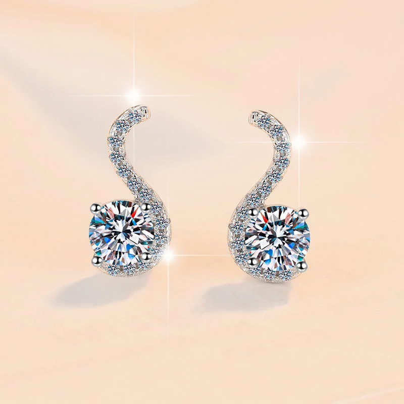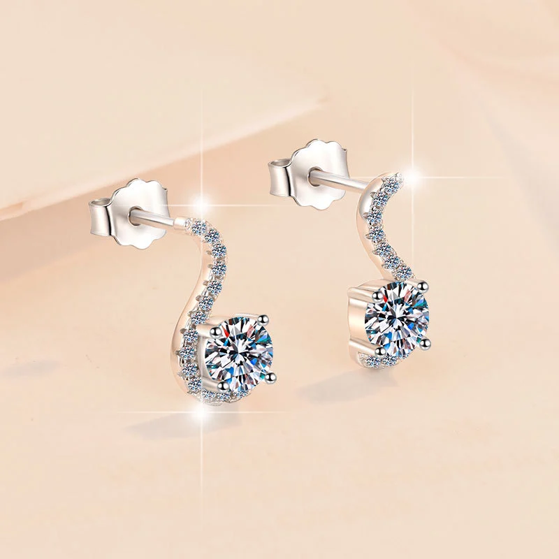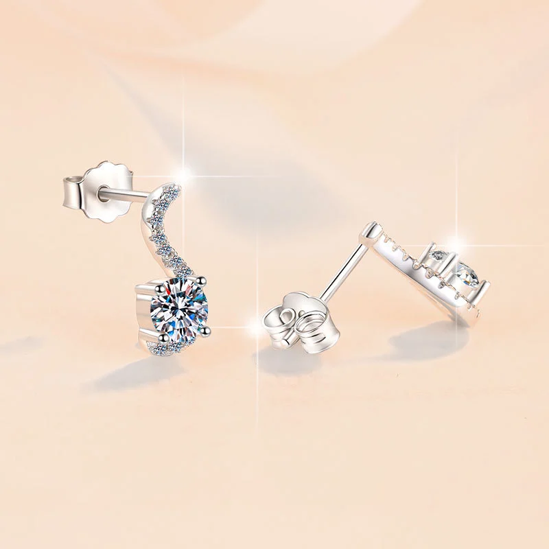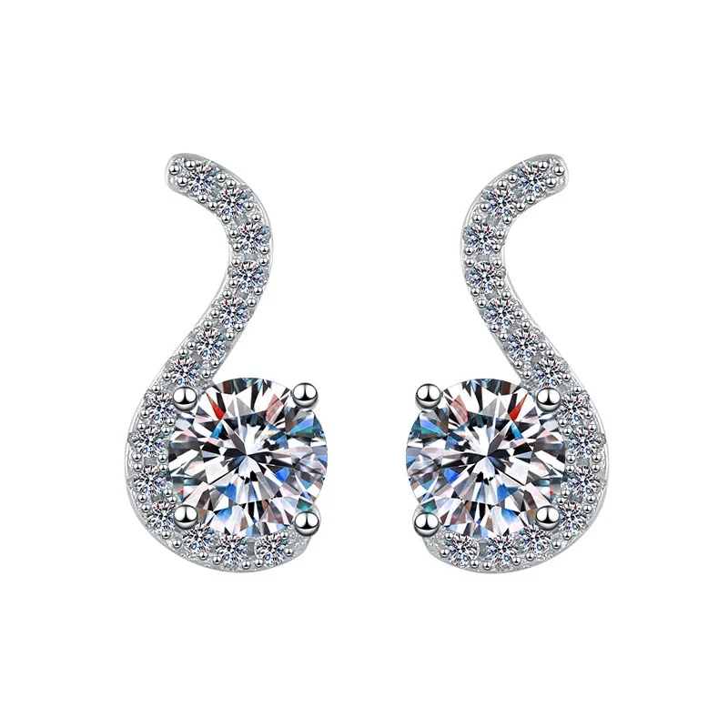 Luxury S925 Sterling Silver Earrings – Moissanite Asteroid-shaped Stones, In A Casual Style
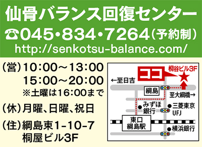 「仙骨バランス回復センター」(内山俊一院長)は、頭から背骨を支える土台で、骨盤の中心部分にある仙骨の歪みを優しい力で調整する「仙骨むつう療法」を専門にしている。事前に磁気による歪みの測定を行い、その結果をもとに歪みを調整する。
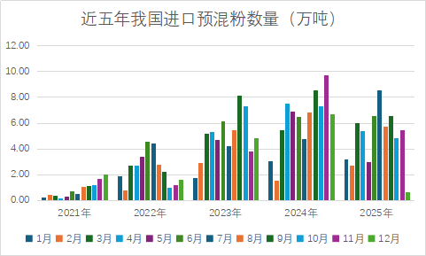 2025年我国17029012项下进口预混粉9.95万吨,其中从越南进口最多7.53万吨,其次从泰国和马来西亚进口量均在1万吨左右;同期21069062项下进口预混粉48.63万吨,绝大部分47.81万吨从泰国进口,还有0.26万吨从马来西亚进口。
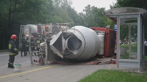 Do zdarzenia doszło około godziny 12 na Odlewniczej, w okolicy Marywilskiej. - Betoniarka jadąca Odlewniczą skręcała w lewo i przewróciła się tuż przy przystanku autobusowym - relacjonował Lech Marcinczak, reporter tvnwarszawa.pl.
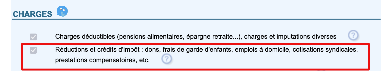 Poursuivez le remplissage de votre déclaration jusqu’à arriver à la rubrique concernant « vos charges ».

◇ ◇ ◇ ◇

What this task involves — The pictures should be dropped, and every line above should be set down again exactly.

Exercise output —
 Luxury S925 Sterling Silver Earrings – Moissanite Asteroid-shaped Stones, In A Casual Style
 「仙骨バランス回復センター」(内山俊一院長)は、頭から背骨を支える土台で、骨盤の中心部分にある仙骨の歪みを優しい力で調整する「仙骨むつう療法」を専門にしている。事前に磁気による歪みの測定を行い、その結果をもとに歪みを調整する。
 2025年我国17029012项下进口预混粉9.95万吨,其中从越南进口最多7.53万吨,其次从泰国和马来西亚进口量均在1万吨左右;同期21069062项下进口预混粉48.63万吨,绝大部分47.81万吨从泰国进口,还有0.26万吨从马来西亚进口。
 Do zdarzenia doszło około godziny 12 na Odlewniczej, w okolicy Marywilskiej. - Betoniarka jadąca Odlewniczą skręcała w lewo i przewróciła się tuż przy przystanku autobusowym - relacjonował Lech Marcinczak, reporter tvnwarszawa.pl.
 Poursuivez le remplissage de votre déclaration jusqu’à arriver à la rubrique concernant « vos charges ».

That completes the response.